Ante el silencio con que mi niña el día de ayer contemplaba el Illimani desde el mirador del Museio Pipiripi, me temblaron los ojos y se me paralizaron los cachetes pensando en su presencia, en la inmovilidad con que permanece vigilante para todos y para ninguno.

Entonces vinieron a mi memoria encuentros y desencuentros y recordé cada una de las mil veces que contemplando la robusta montaña, alabé, rei a carcajadas, mandé a la mierda, elevé plegarias o cruzé los dedos en supersticiosa ofrenda.

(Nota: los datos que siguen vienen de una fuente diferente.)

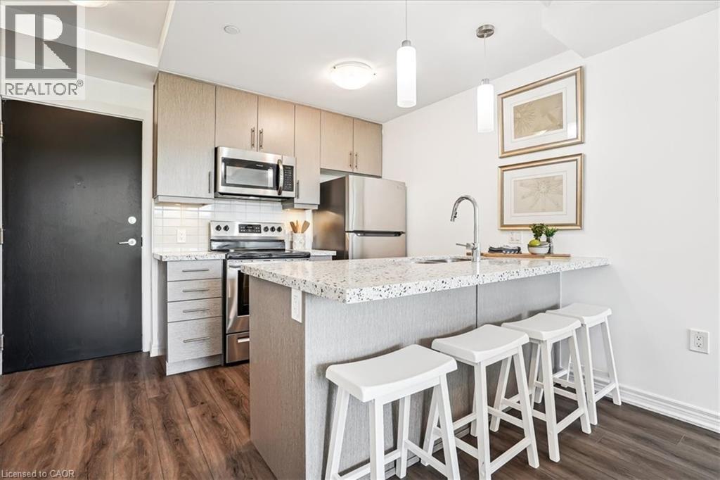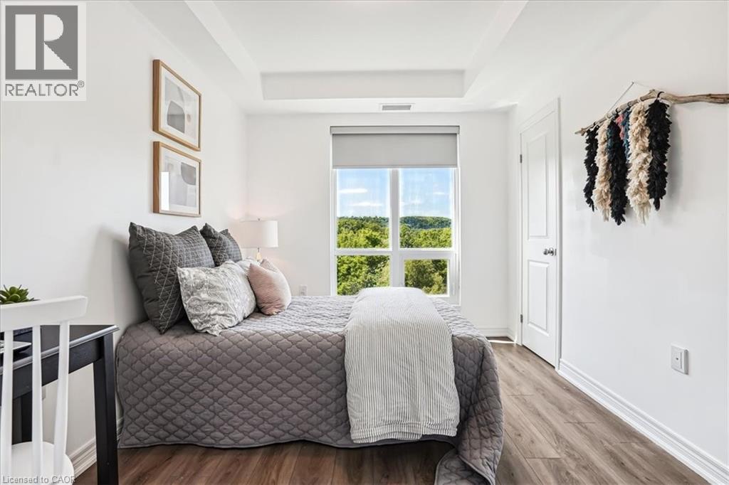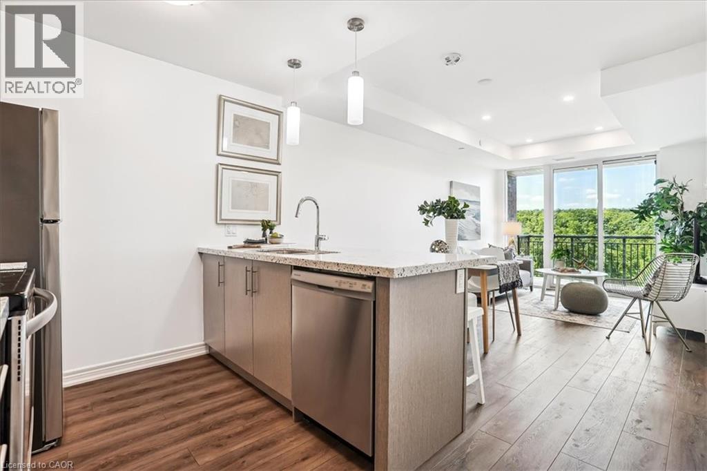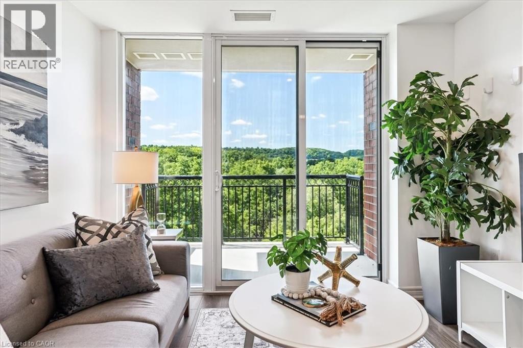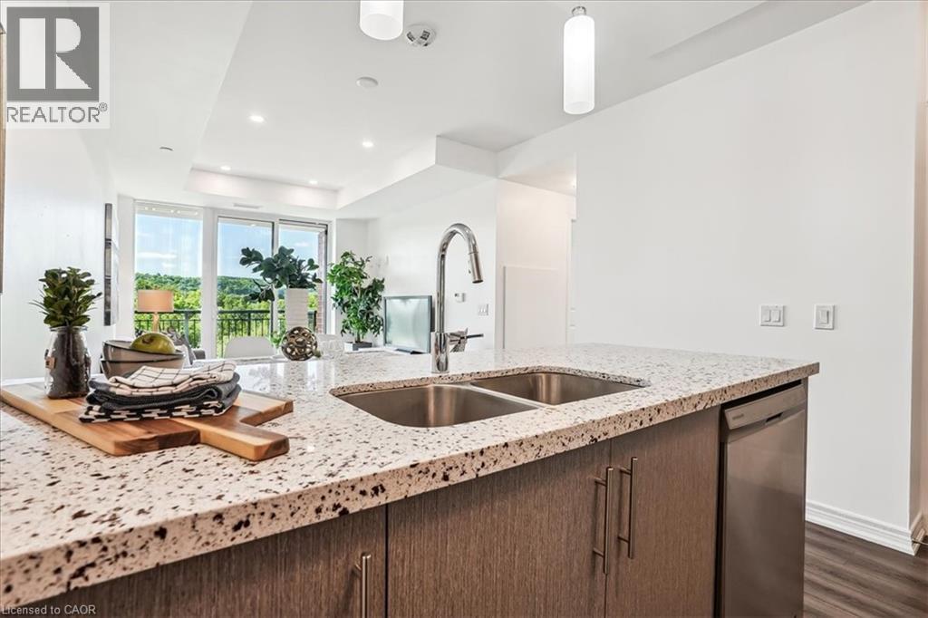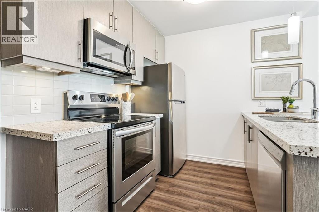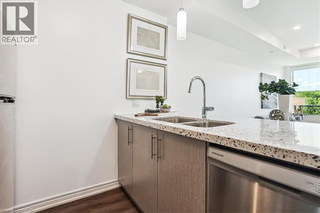 RAVINE VIEW , LUXURY CORNER SUITE 2 bedroom, 2 bathroom Suite. Spectacular SOUTHWESTERN view. OPEN CONCEPT living/dining room/kitchen with 9 ft. b.h. ceilings. STONE COUNTERS. Quality vinyl floor throughout main living area (NO CARPET) , ceramic in bathrooms. In suite, laundry & more. Features PATIO DOOR to BALCONY. Panoramic view of the escarpment. UNDERGROUND PARKING & LOCKER INCLUDED. Condo fees INCLUDE heat & A/C source. NO RENTAL EQUIPMENT. Fabulous amenities. Spacious lobby with concierge, fitness centre, BBQ terrace, guest suite, party room. Close to the Redhill Expressway & QEW, St. Joseph’s East Hospital, Eastgate Square & new GO station. All measurements approximate, sq.ft. includes balcony, as per builder's plan. (70016578)

Ayer fue la primera vez que sentí algo parecido al júbilo que refería el poeta. El Illimani fue mirado por mi hija, mientras recibia el eco del viento en su pequeño rostro, enrojecido por el viento de la ciudad. Entonces comprendi aquello que Beltrán le dijo a Felipe Delgado:

…Beltrán habiendo trepado con gran agilidad a una banqueta adosada a la pared, abrió de un golpe las dos hojas de una especie de claraboya en lo alto de la habitación.

Delgado, con curiosidad se acercó y subió a la banqueta. Y se quedó sorprendido.

En el fondo del cielo invernal, de una limpidez impresionante, bajo un aura cristalina, con un matiz de color lila profundo, se ofrecía el Illimani.

De pronto, mirando con desconcierto a Beltrán delgado dijo>

---Claro; El Illimani.

----¿Y qué más quería usted?—repuso Beltrán con extrañeza--.

Seguramente lo ha visto mil veces, dos mil veces, muchísimas veces durante toda su vida; pero yo juraría que es ésta la primera vez que verdaderamente lo ve. Con mirarlo una sola vez como se debe, uno está salvado. Se acabó la historia (Jaime Saenz, Felipe Delgado, pagina 160).


Habiendo mirado por primera vez al Illimani visperas del 16 de julio, con la vida fruto de mi vida y con la mitad del camino transcurrido, hoy quiero creer que estoy salvado.